Broker Voting

Frage: Sie haben an dieser Stelle schon mehrfach über die Risiken niedriger Hauptversammlungspräsenzen und möglicher Gegeninitiativen berichtet. In den USA wird versucht, das Problem mit dem so genannten „broker voting“ zu lösen, das dem Wesen nach wohl dem früher in Deutschland gängigen Bankenstimmrecht ähnelt. Könnten Sie mir erklären, was das bedeutet und ob dies nicht auch geeignet wäre, um hierzulande höhere Präsenzen zu erzielen?

Thomas F. aus Frankfurt

 

Antwort: In den USA gibt es ausschließlich Namensaktien. Ähnlich wie bei uns gibt es die Möglichkeit, dass statt des tatsächlichen Anteilseigners ein so genannter „street name“ in das Aktionärsbuch eingetragen wird. Häufig ist das die jeweilige Depotbank. Der für diese Anteilscheine zuständige Broker darf das hiermit verbundene Stimmrecht nun ausüben, falls der echte Aktionär bis zum zehnten Tag vor der Hauptversammlung keine Weisung gegeben hat und es sich bei dem zur Abstimmung stehenden Tagesordnungspunkt um eine „routine proposal“ handelt. In den USA gibt es heftige Debatten darüber, welche Tagesordnungspunkte als solche Routinevorschläge gelten. So hat die New Yorker Börse Ende 2006 entschieden, dass die Wahl von Aufsichtsräten zukünftig kein Routinevorschlag mehr sein soll.
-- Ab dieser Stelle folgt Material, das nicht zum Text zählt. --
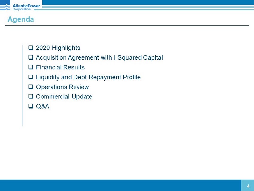 Additional Information About the Arrangement and Where to Find It 3 This presentation is not intended to and does not constitute an offer to sell or the solicitation of an offer to subscribe for or buy or an invitation to purchase or subscribe for any securities or the solicitation of any vote or approval in any jurisdiction, nor shall there be any sale, issuance or transfer of securities in any jurisdiction in contravention of applicable law . In connection with the transaction with I Squared Capital and its affiliates, Atlantic Power has filed a management information circular and proxy statement relating to a special meeting of its common shareholders with the SEC and Canadian Securities Administrators . Additionally, Atlantic Power will file other relevant materials in connection with the transaction with the SEC . Securityholders of Atlantic Power are urged to read the management information circular and proxy statement regarding the transaction and any other relevant materials carefully in their entirety when they become available before making any voting or investment decision with respect to the transaction with I Squared Capital and its affiliates because they contain important information about the transaction with I Squared Capital and its affiliates and the parties to such transaction . Securityholders of Atlantic Power are able to obtain a copy of the management information circular and proxy statement, and the filings with the SEC and Canadian Securities Administrators that will be incorporated by reference into the proxy statement as well as other filings containing information about the transaction with I Squared Capital and its affiliates and the parties to such transaction made by Atlantic Power with the SEC and Canadian Securities Administrators free of charge on EDGAR at www . sec . gov, on SEDAR at www . sedar . com, or on Atlantic Power’s website at www . atlanticpower . com . Information contained on, or that may be accessed through, the websites referenced in this communication is not incorporated into and does not constitute a part of this presentation . We have included these website addresses only as inactive textual references and do not intend them to be active links . Participants in the Solicitation Atlantic Power and its directors and executive officers may be deemed to be participants in the solicitation of proxies from the holders of Atlantic Power’s common shares in respect of the transaction with I Squared Capital and its affiliates . Investors may obtain additional information regarding the interest of such participants by reading the management information circular and proxy statement regarding the transaction when it becomes available .

Damit dürfen die Broker die Stimmrechte bei diesem Punkt nicht mehr ohne Weisung ausüben.

Für die Hauptversammlungen in Deutschland würde eine solche Regelung wenig bringen, da es hierzulande nach wie vor mehrheitlich Inhaberaktien gibt. Zudem besteht schon heute die Möglichkeit, seine Stimmen einem vom Unternehmen gestellten Stimmrechtsvertreter mit Weisung zu übertragen. Eine Übertragung ohne Weisung war hier vom Gesetzgeber ausdrücklich nicht gewünscht.